Please restate each line of the data that follows word for word, skipping any image.

PROVIDED MATERIAL Block Start

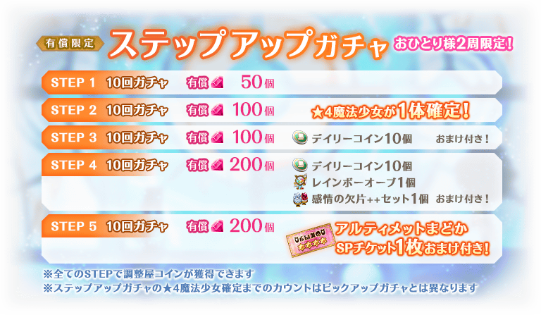 ※STEP2での★4魔法少女について、ピックアップ対象の魔法少女が確定するわけではございません。
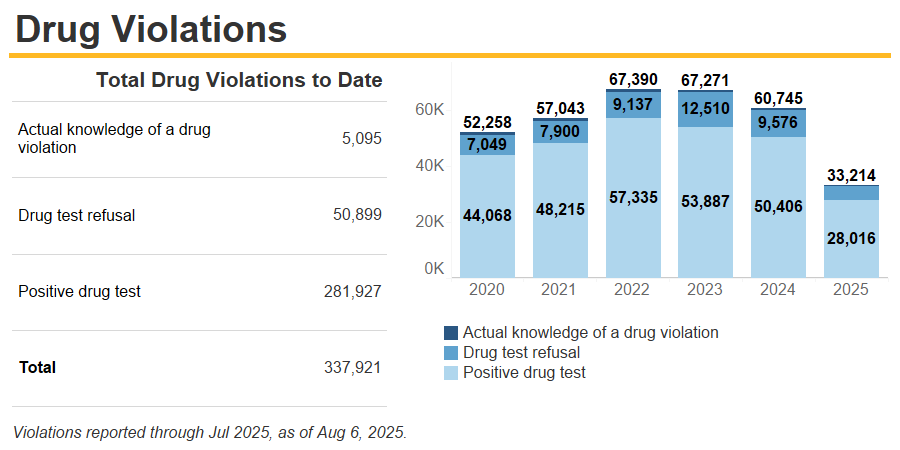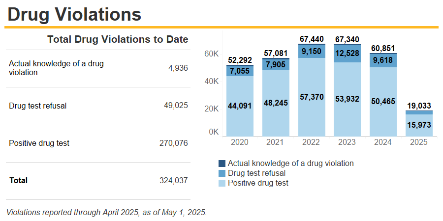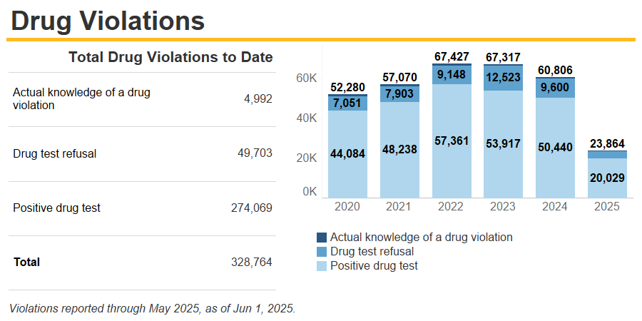 Since January 6, 2020, there were 337,921 test results reported to the Clearinghouse with drug-related violations. The graph breaks out the results by violation type, for controlled substance (drug) tests.
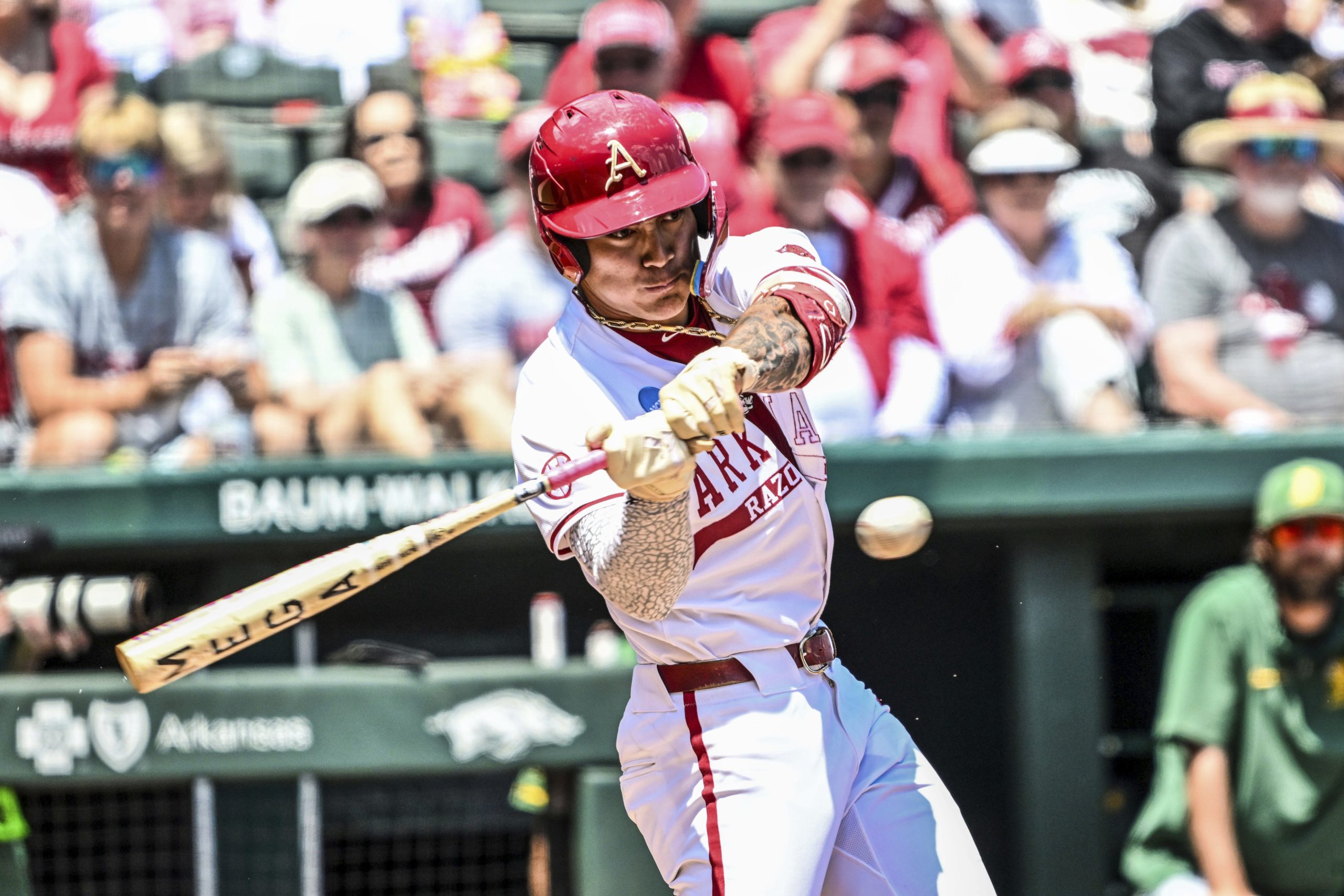 The Arkansas catcher talked about his performance all weekend with the media, saying, “I just stuck with my approach. I was just waiting on getting good pitches to hit, whether it was a fastball or a slider, and then just put a good swing on it.”
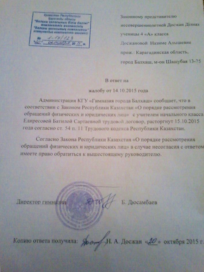 После всего случившегося разъяренная мать обратилась с жалобой в городской отдел образования. Уже там стало известно, что Дильназ не первая пострадавшая от рук учителя. На педагога к тому времени поступило уже шесть жалоб. Одному ученику учитель заклеила рот скотчем, еще одну девочку так ударила по лицу рукой, что у бедняжки были зафиксированы синяки. Директор школы подтвердил все эти факты, и благодаря расследованию Батила Едиресова была уволена по ст. 54 п. 11 ТК РК (совершение работником, выполняющим воспитательные функции, аморального проступка, не совместимого с продолжением данной работы).

PROVIDED MATERIAL Block End

→ RESULT:
 ※STEP2での★4魔法少女について、ピックアップ対象の魔法少女が確定するわけではございません。
 Since January 6, 2020, there were 337,921 test results reported to the Clearinghouse with drug-related violations. The graph breaks out the results by violation type, for controlled substance (drug) tests.
 The Arkansas catcher talked about his performance all weekend with the media, saying, “I just stuck with my approach. I was just waiting on getting good pitches to hit, whether it was a fastball or a slider, and then just put a good swing on it.”
 После всего случившегося разъяренная мать обратилась с жалобой в городской отдел образования. Уже там стало известно, что Дильназ не первая пострадавшая от рук учителя. На педагога к тому времени поступило уже шесть жалоб. Одному ученику учитель заклеила рот скотчем, еще одну девочку так ударила по лицу рукой, что у бедняжки были зафиксированы синяки. Директор школы подтвердил все эти факты, и благодаря расследованию Батила Едиресова была уволена по ст. 54 п. 11 ТК РК (совершение работником, выполняющим воспитательные функции, аморального проступка, не совместимого с продолжением данной работы).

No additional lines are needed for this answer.